Prompt: The whole listing that follows, pictures excepted, should be printed again exactly as given.
----------------
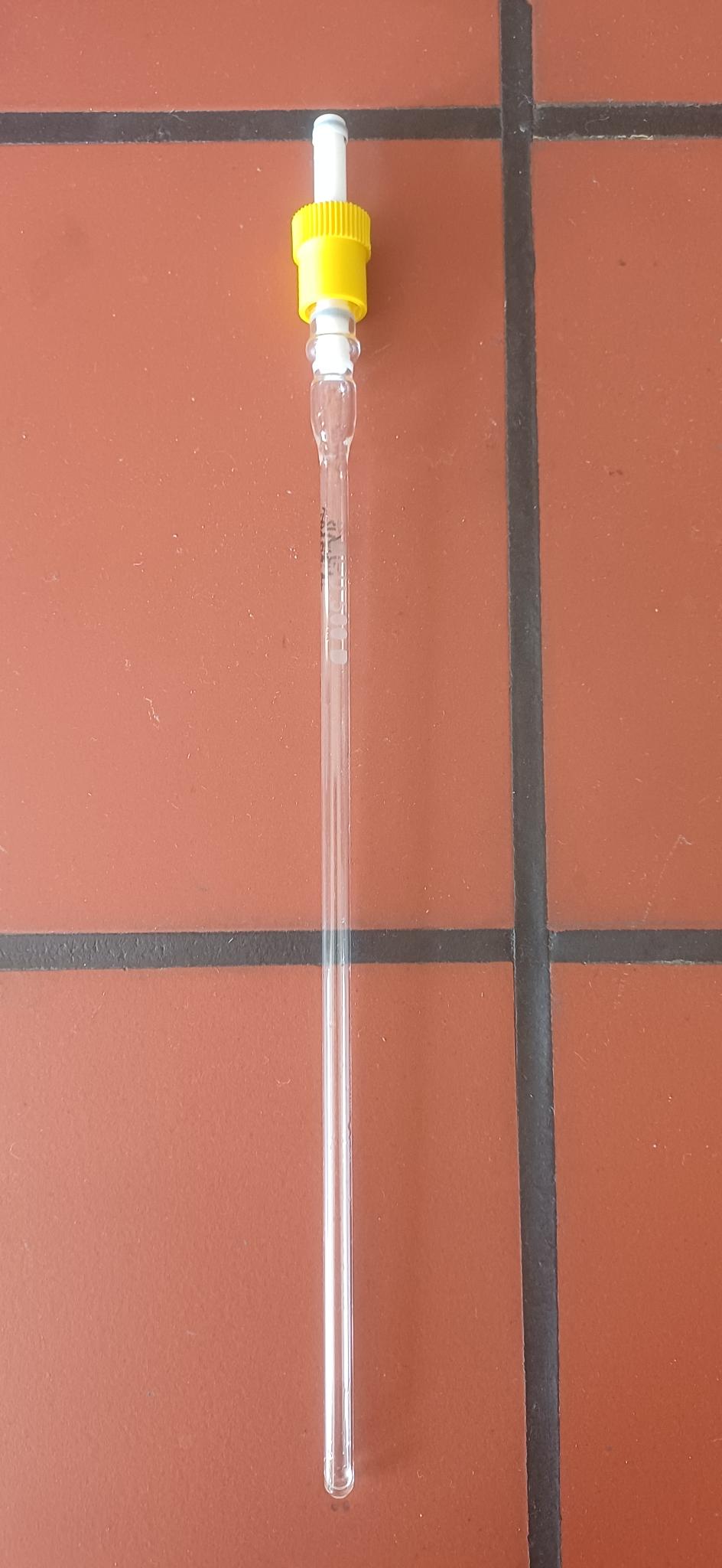 As with all PTFE caps and taps, they are properly tightened when a white ring is visible inside the glass (Figure 2). Tightening it further will not lead to a better seal, but rather increase the risk of damaging the glass. Also, keep the sealing surfaces clean of any powder to ensure proper sealing.
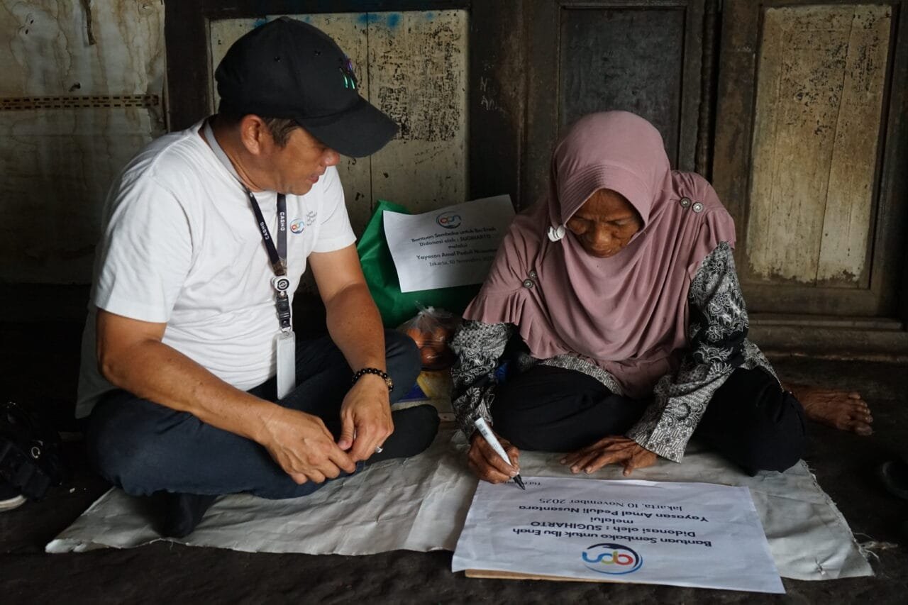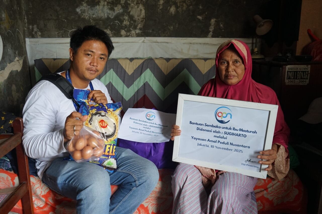 Setiap pagi, Ibu Masturoh masih membantu tetangganya berjualan gado-gado. Dari upah yang tak seberapa, ia menafkahi suami dan dua anaknya. Meski sederhana, semangatnya luar biasa. Ketika tim yayasan datang membawa paket sembako, ia menatap penuh haru sambil berulang kali mengucap terima kasih.
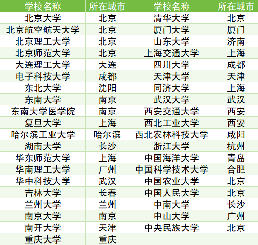 目前全国强基计划大学共计39所,它们分别位于18个省市区,其中湖南省院校包含有:中南大学、湖南大学、中国人民解放军国防科技大学;四川省院校包含有:四川大学、电子科技大学;陕西省院校包含:西北农林科技大学、西安交通大学、西北工业大学。
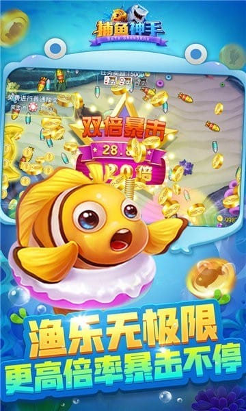 捕鱼神手3d官方正版是一款深受玩家喜爱的休闲捕鱼手游,以深海捕鱼为题材,融合了街机经典玩法与现代特效。游戏画面绚丽,鱼类种类丰富,从小型鱼到巨型BOSS应有尽有,每种鱼都设有不同的分值和捕获难度。核心玩法是通过操作炮台发射子弹,击中鱼类即可获得金币,而“高爆版”则强化了武器的威力和爆率,让玩家更容易触发全屏炸弹、激光连射等华丽技能,瞬间清屏,收获海量奖励。
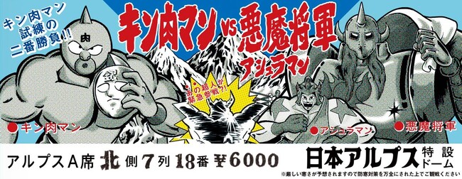 前回に続いて、デザインはヨシムラ氏が担当。1枚目は、正義超人でただ一人となったキン肉マンがアシュラマンと悪魔将軍に挑んだ「黄金のマスク」編の最終戦。日本アルプスに急遽設営された会場ながら、観客を慮ったチケット右下の注意喚起がニクイ!
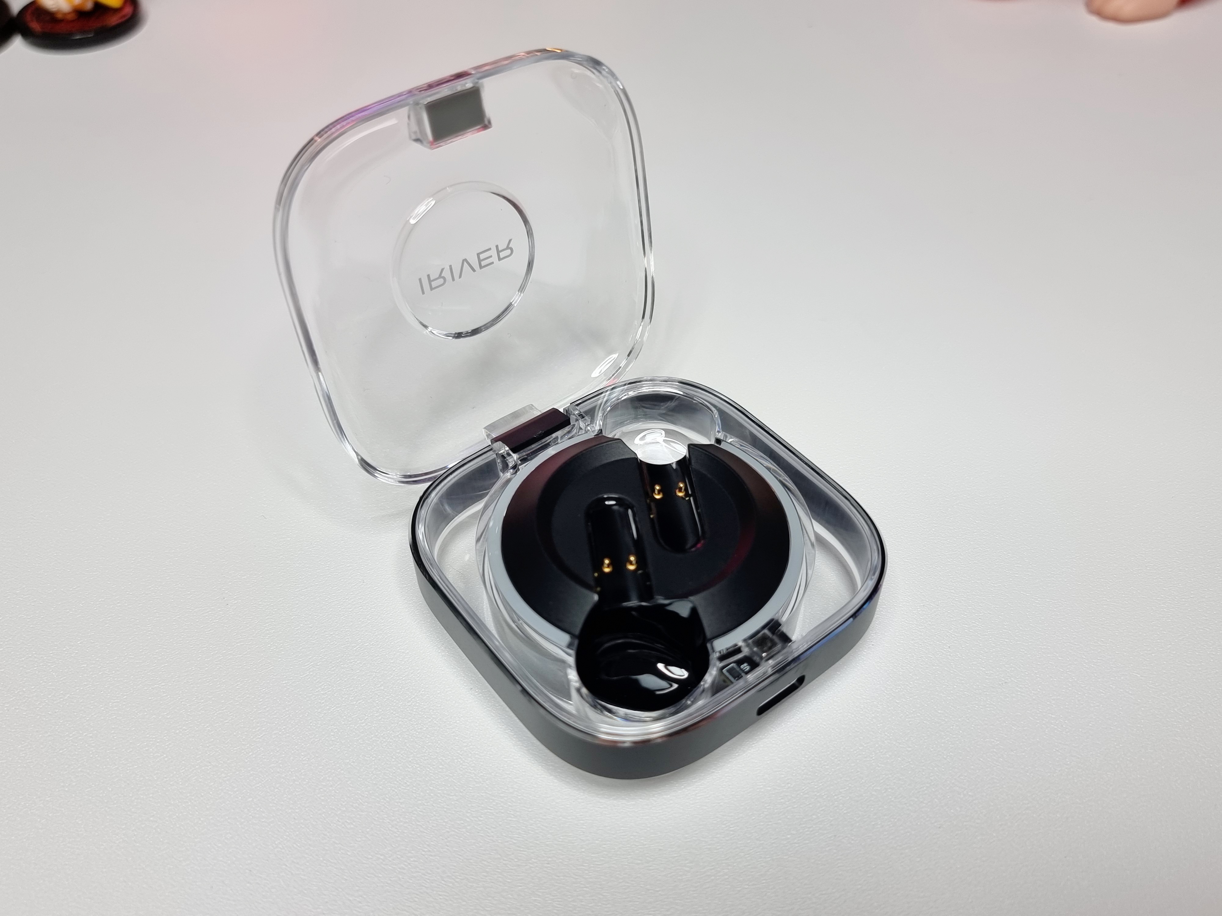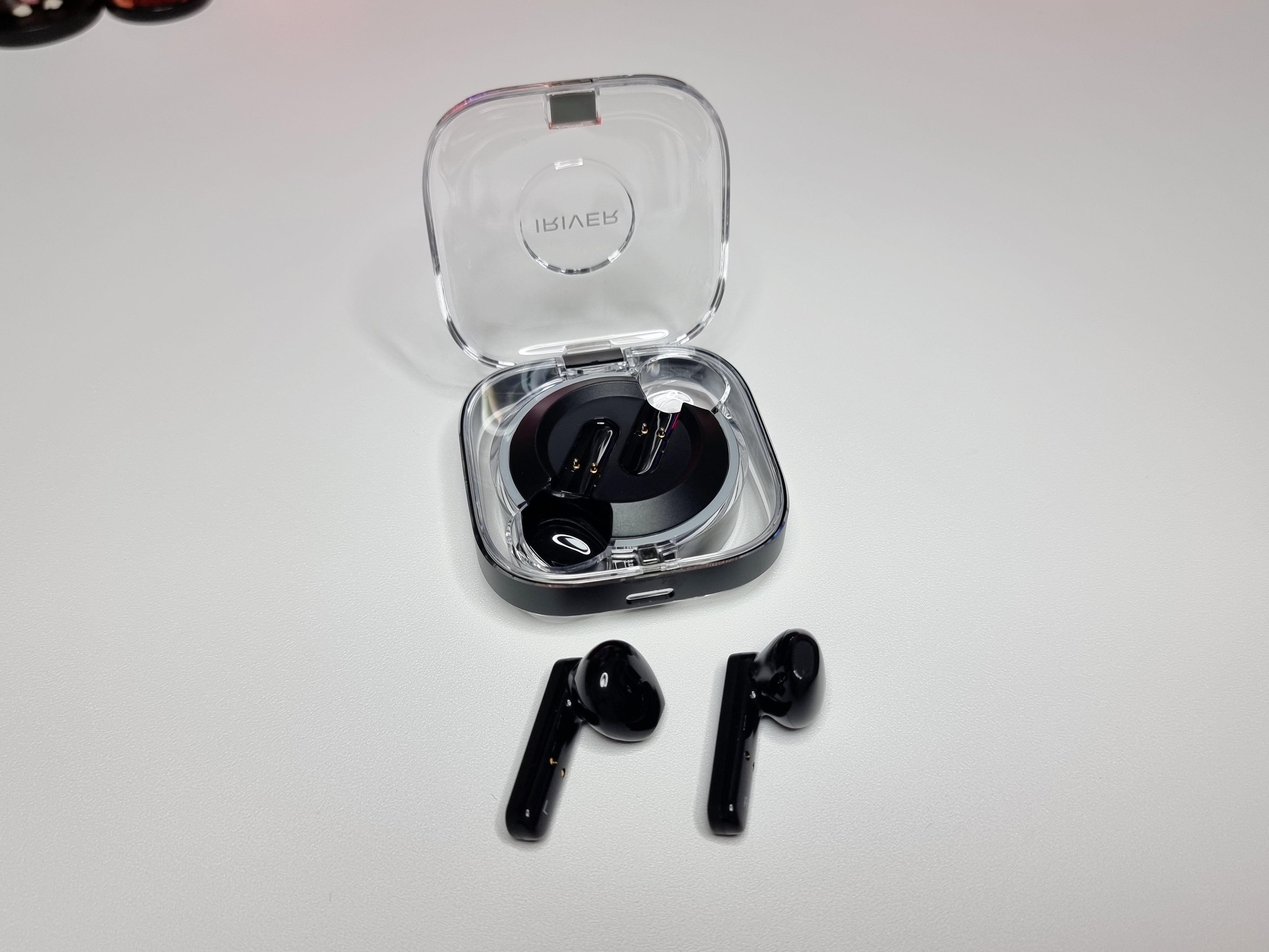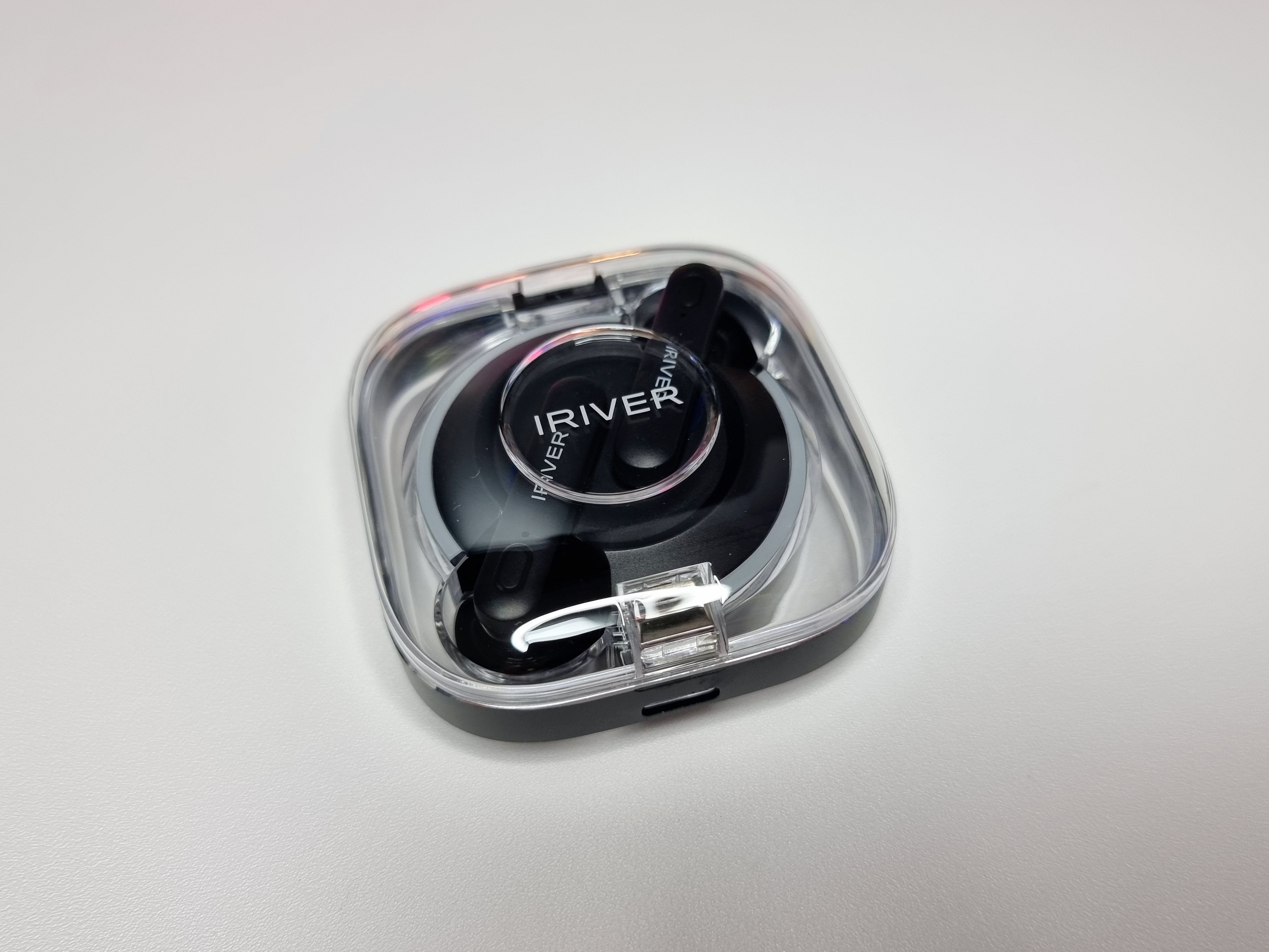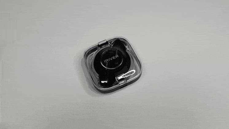 충전케이스는 시원한 느낌을 받을 수 있는 투명케이스고 이어셋은 유광 블랙 디자인입니다. 케이스와 이어셋에는 아이리버 로고가 각인되어 있어 아이리버의 감성을 느낄 수 있습니다.
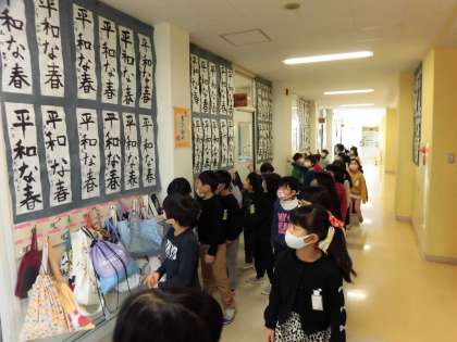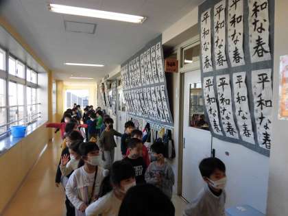 最後に6年生。小学校生活最後の書き初めです。年初めに今年1年の目標を願いながら書く書き初め。中学校に進んでも、「平和」な心を忘れずに、さらなる飛躍を願っています。
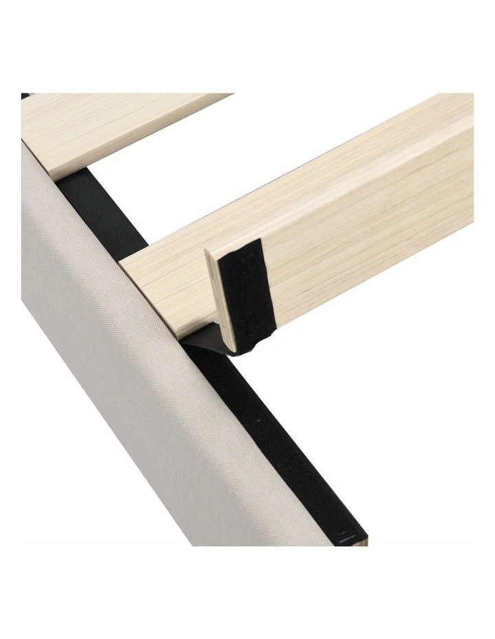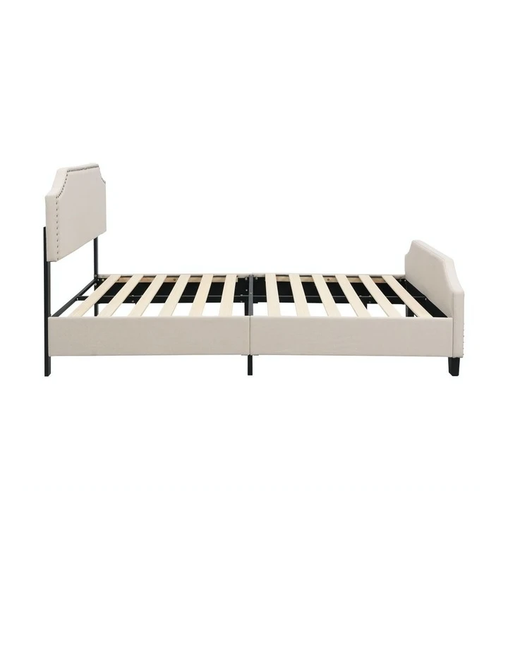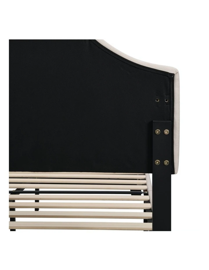 FeaturesHeadboard could adjust three different height, 10cm for each adjustmentUpholstered with premium linen fabricBreathable non-woven fabricPlush nail-style bedheadPadded with high-density foamSturdy steel frameStrong centre support strutWooden arched slat baseHeavy-duty metal connectorsEasy assemblyReinforced construction with metal barsFloor protectors
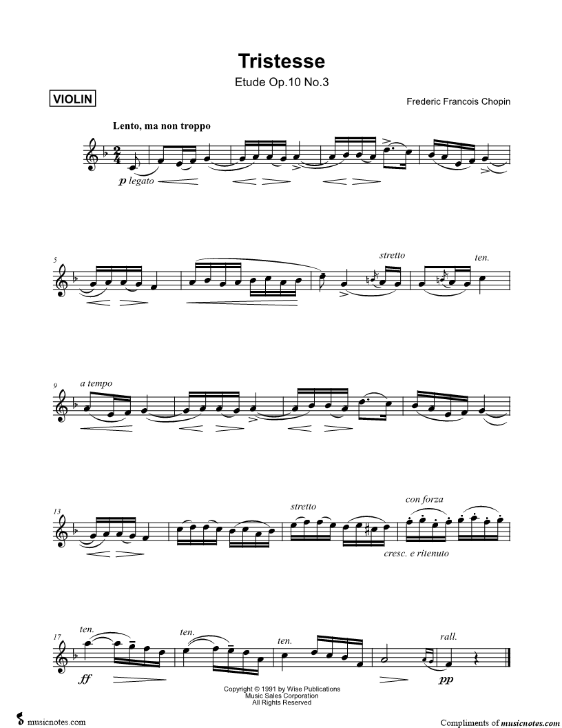 Tristesse from Étude, Op. 10, No. 3 [Main Theme] |
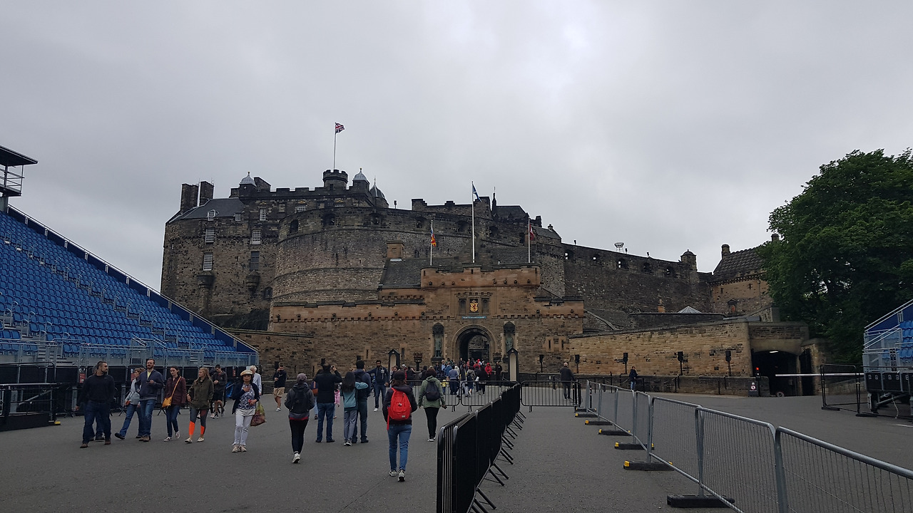 에든버러 성 입구에 대형 무대가 설치되고 있다.
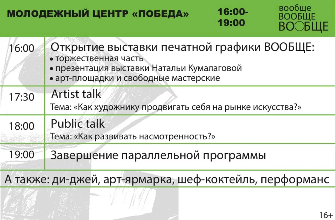 С 16:00 в молодёжном центре «Победа» - откроется выставка печатной графики Натальи Кумалаговой. Гости станут активными участниками программы: можно будет пообщаться с художниками, коллекционерами, кураторами!
----------------
Result:
 As with all PTFE caps and taps, they are properly tightened when a white ring is visible inside the glass (Figure 2). Tightening it further will not lead to a better seal, but rather increase the risk of damaging the glass. Also, keep the sealing surfaces clean of any powder to ensure proper sealing.
 Setiap pagi, Ibu Masturoh masih membantu tetangganya berjualan gado-gado. Dari upah yang tak seberapa, ia menafkahi suami dan dua anaknya. Meski sederhana, semangatnya luar biasa. Ketika tim yayasan datang membawa paket sembako, ia menatap penuh haru sambil berulang kali mengucap terima kasih.
 目前全国强基计划大学共计39所,它们分别位于18个省市区,其中湖南省院校包含有:中南大学、湖南大学、中国人民解放军国防科技大学;四川省院校包含有:四川大学、电子科技大学;陕西省院校包含:西北农林科技大学、西安交通大学、西北工业大学。
 捕鱼神手3d官方正版是一款深受玩家喜爱的休闲捕鱼手游,以深海捕鱼为题材,融合了街机经典玩法与现代特效。游戏画面绚丽,鱼类种类丰富,从小型鱼到巨型BOSS应有尽有,每种鱼都设有不同的分值和捕获难度。核心玩法是通过操作炮台发射子弹,击中鱼类即可获得金币,而“高爆版”则强化了武器的威力和爆率,让玩家更容易触发全屏炸弹、激光连射等华丽技能,瞬间清屏,收获海量奖励。
 前回に続いて、デザインはヨシムラ氏が担当。1枚目は、正義超人でただ一人となったキン肉マンがアシュラマンと悪魔将軍に挑んだ「黄金のマスク」編の最終戦。日本アルプスに急遽設営された会場ながら、観客を慮ったチケット右下の注意喚起がニクイ!
 충전케이스는 시원한 느낌을 받을 수 있는 투명케이스고 이어셋은 유광 블랙 디자인입니다. 케이스와 이어셋에는 아이리버 로고가 각인되어 있어 아이리버의 감성을 느낄 수 있습니다.
 最後に6年生。小学校生活最後の書き初めです。年初めに今年1年の目標を願いながら書く書き初め。中学校に進んでも、「平和」な心を忘れずに、さらなる飛躍を願っています。
 FeaturesHeadboard could adjust three different height, 10cm for each adjustmentUpholstered with premium linen fabricBreathable non-woven fabricPlush nail-style bedheadPadded with high-density foamSturdy steel frameStrong centre support strutWooden arched slat baseHeavy-duty metal connectorsEasy assemblyReinforced construction with metal barsFloor protectors
 Tristesse from Étude, Op. 10, No. 3 [Main Theme] |
 에든버러 성 입구에 대형 무대가 설치되고 있다.
 С 16:00 в молодёжном центре «Победа» - откроется выставка печатной графики Натальи Кумалаговой. Гости станут активными участниками программы: можно будет пообщаться с художниками, коллекционерами, кураторами!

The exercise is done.